In the worst case of high resistivity soil (ρ ≥ 500 Ωm), for apparatus with U_WA = 2.5 kV and a normalized HV line (N_G = 1 flash per km² per year, h = 10 m; L = 1 km), the dependence of the frequency of damage N_i was assessed:

• On the length l_c of LV circuits; see Figure 9;
• On the type of LV circuit (identified by the distance w between the conductors); see Figure 10;
• On the number n_c of connected LV circuits; see Figure 11 and Figure 12;
• On the withstand voltage U_WA of LV apparatus; see Figure 13 and Figure 14.

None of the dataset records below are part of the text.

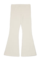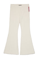 リブ編みベルベットのフレアパンツ。ウエストはフィットさせ、太ももから足首にかけては裾幅を広めにしたモダンなカッティングで、ヒップにあしらったディースクエアード2のマキシフラッグのアップリケロゴがアクセントになっています。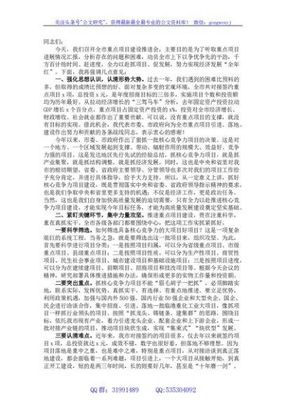 / 市委书记在全市重点项目建设推进会上的讲话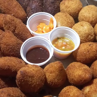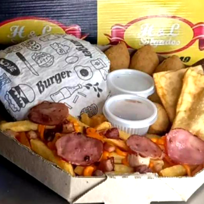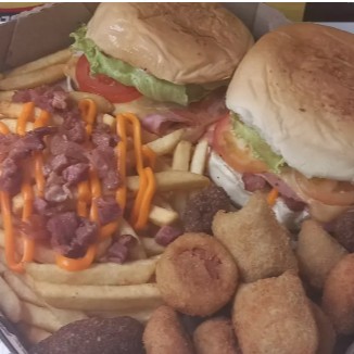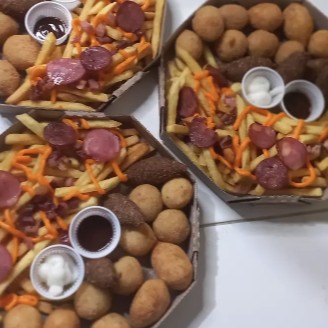 1 x bacon;1 x calabresa;1 x frango, 15 salgados sortidos, batata G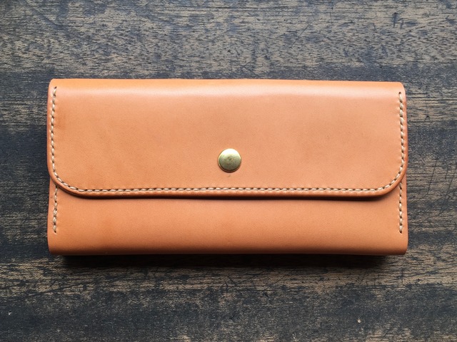 三つポケの長財布です。 中は蛇腹で三つのお部屋があります。 真ん中のお部屋には内ポケットが一つ付いています。 ガバッと大きく開くので見通しがよく 使い勝手もいいです。 コインは落ちないかとよく聞かれますが、 1番奥のフラップ側に小銭をずっと入れて使っておりましたが 一度もコインがこぼれたり落ちたりすることは ありませんでした。 革は栃木レザー。植物タンニン鞣しのヌメ革です。 艶があり、張りもある素材です。 お使いいただくうちに、味わい深く色も手触りも 変化していきます。 hiyoriでは初期からずっと使わせていただいている革で 同じ素材でポーチやポケット、トートバックなど 多くの商品をお作りしていますので、 素材を合わせてお使い頂くことも出来ます。 サイズ 約18センチ × 9センチ × 2.5センチ *価格は送料込みの価格です。 *hiyoriの商品は一つ一つ手作業でお作りしておりますので、革の伸び具合等の関係上、サイズに若干の違いがございます。ご了承くださいませ。 *hiyoriの商品では、革の個性(牛さんそれぞれの、ほくろ、シミ、小さい傷等)はデザインに響かない程度にあえてそのまま使っています。その殆どは、使い込むうちに色が濃くなり、気にならなくなるものだったり、唯一無二のデザインの一部としてご理解頂けるくらいのものです。完璧なお化粧を施された革を使用しておりませんので、革の個性としてご理解頂ければと思います。気になるようでしたら、お問い合わせ頂くことも可能ですし、店頭にて直接ご覧いただくことも出来ます。

If a frequency of damage (N_I < 10⁻²) is assumed as practically negligible, it should be noted that:

• For LV circuits in a multipolar cable, protective measures against overvoltages due to the source of damage S4 are not needed, even in the most severe cases, such as HV lines several km long, soils with resistivity of several hundreds of Ωm, high values of N_G, and LV circuits several tens of meters long, powered by HV/LV transformers with primary rated voltage of up to 20 kV; see Figure 12 and Figure 14;
• For LV circuits in conduit, protective measures could be needed, only in the extraordinary case of product N_G ·L being not greater than ten and apparatus withstanding voltage U_W not lower than 2,5 kV; see Figure 13.

8. Conclusions

An approach has been presented and discussed to evaluate the frequency of damage of low voltage apparatus powered by a in housing HV/LV transformer against overvoltages due to nearby lightning flashes.

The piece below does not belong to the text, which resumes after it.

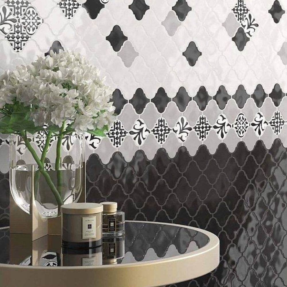 発色が良く、美しい形は壁面をアートのように魅せるタイルです。ランタン、アラベスクなどの呼び名のあるデザインは、古代ギリシャやローマの装飾模様が起源とされ、その後、サーサーン朝ペルシャを経てイスラム世界に伝わったと考えられています。
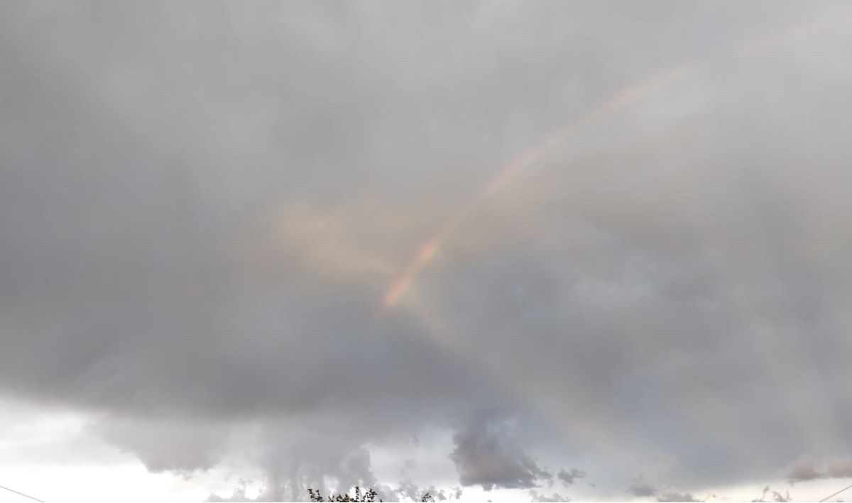 En varios puntos de la provincia y por breves segundos, se vio el arcoiris, en un cielo casi completamente nublado.

Based on preliminary results of application, the following conclusions can be formulated:

• A typical 5/20 µs waveform can be assumed as typical of the U_H voltages induced on the HV line; a waveform with a similar rise time also characterizes the U_L voltage transmitted to the LV circuits through the HV/LV transformer;
• For values of the voltage U_H higher than the withstand voltage U_WH at the primary of the transformer, the voltage transmitted to the secondary of the transformer is independent of the length L of the HV line;
• The transfer coefficient C_T of overvoltages through an HV/LV transformer, intended as the ratio between the peak values of the voltage U_L at the secondary and that U_H at the primary (C_T = U_L/U_H), increases with the slope of the wave front of the HV voltage and decreases as the number and the length of the connected LV circuits increase;
• The HV/LV transformer significantly reduces common mode overvoltages: the value of transfer coefficient C_T consists of a few percent, or even less if the internal circuit configuration on the LV side is complex;
• Due to times at the peak of the voltage U_L, in the order of some microseconds, the propagation coefficient k_r along the LV circuit exhibits values close to unity, even for circuits of considerable length;
• The overvoltage stressing the apparatus is mainly due to induction phenomena by the lightning current flowing to ground nearby the HV line; indeed, these overvoltages increase as the area of induction loop (length and width of circuit) increases;
• The frequency of damage of LV apparatus supplied by circuits in multipolar cable is about a thousand times lower than the one relevant to circuits in plastic conduit;
• The frequency of damage of the LV apparatus increases weakly as the HV line nominal voltage increases;
• For a tolerable frequency of damage of reasonable value, the use of protection measures of the LV apparatus against overvoltages caused by the source S4 is practically not necessary. Exceptional cases of long circuits in conduit, powered by long HV overhead lines in areas with high N_G values, are usually covered by the LV SPDs installed for protection against overvoltages due to sources S1 and S3.